##### Dataset records

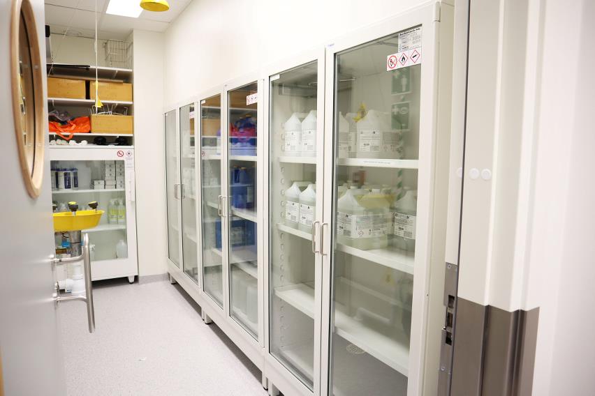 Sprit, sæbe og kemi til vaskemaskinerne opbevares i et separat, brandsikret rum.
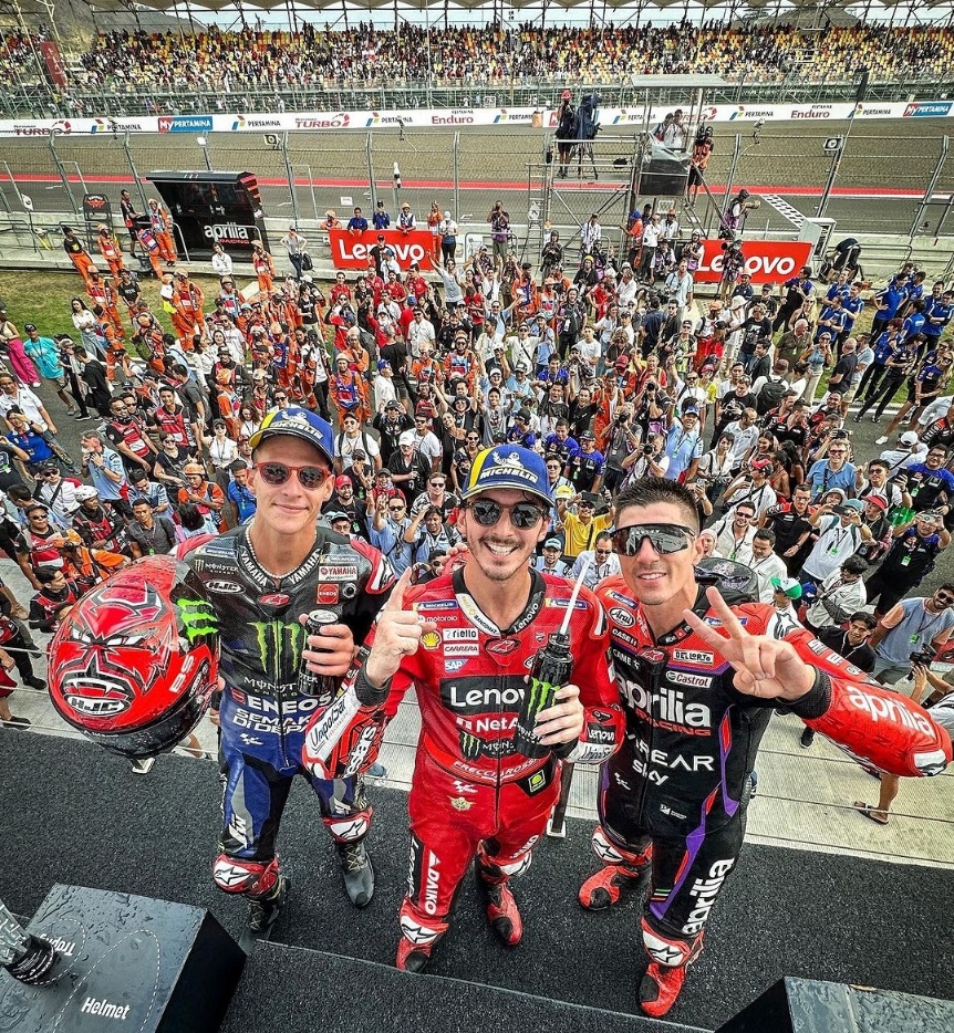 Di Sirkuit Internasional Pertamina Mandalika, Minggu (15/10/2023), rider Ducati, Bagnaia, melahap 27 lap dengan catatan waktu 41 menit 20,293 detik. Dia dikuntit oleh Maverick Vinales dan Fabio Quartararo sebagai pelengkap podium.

##########
##### Dataset records

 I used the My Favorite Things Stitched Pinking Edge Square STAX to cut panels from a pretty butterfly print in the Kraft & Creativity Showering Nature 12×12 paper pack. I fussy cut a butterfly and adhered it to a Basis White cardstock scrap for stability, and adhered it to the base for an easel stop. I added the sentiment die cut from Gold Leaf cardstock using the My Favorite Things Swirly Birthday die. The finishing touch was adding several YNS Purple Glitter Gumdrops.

##########

» Work to complete:
Using the entries above, transcribe every line from the line containing "Sprit, sæbe og" through the line containing "Di Sirkuit Internasional". Do not copy pictures.

» Exercise result:
 Sprit, sæbe og kemi til vaskemaskinerne opbevares i et separat, brandsikret rum.
 Di Sirkuit Internasional Pertamina Mandalika, Minggu (15/10/2023), rider Ducati, Bagnaia, melahap 27 lap dengan catatan waktu 41 menit 20,293 detik. Dia dikuntit oleh Maverick Vinales dan Fabio Quartararo sebagai pelengkap podium.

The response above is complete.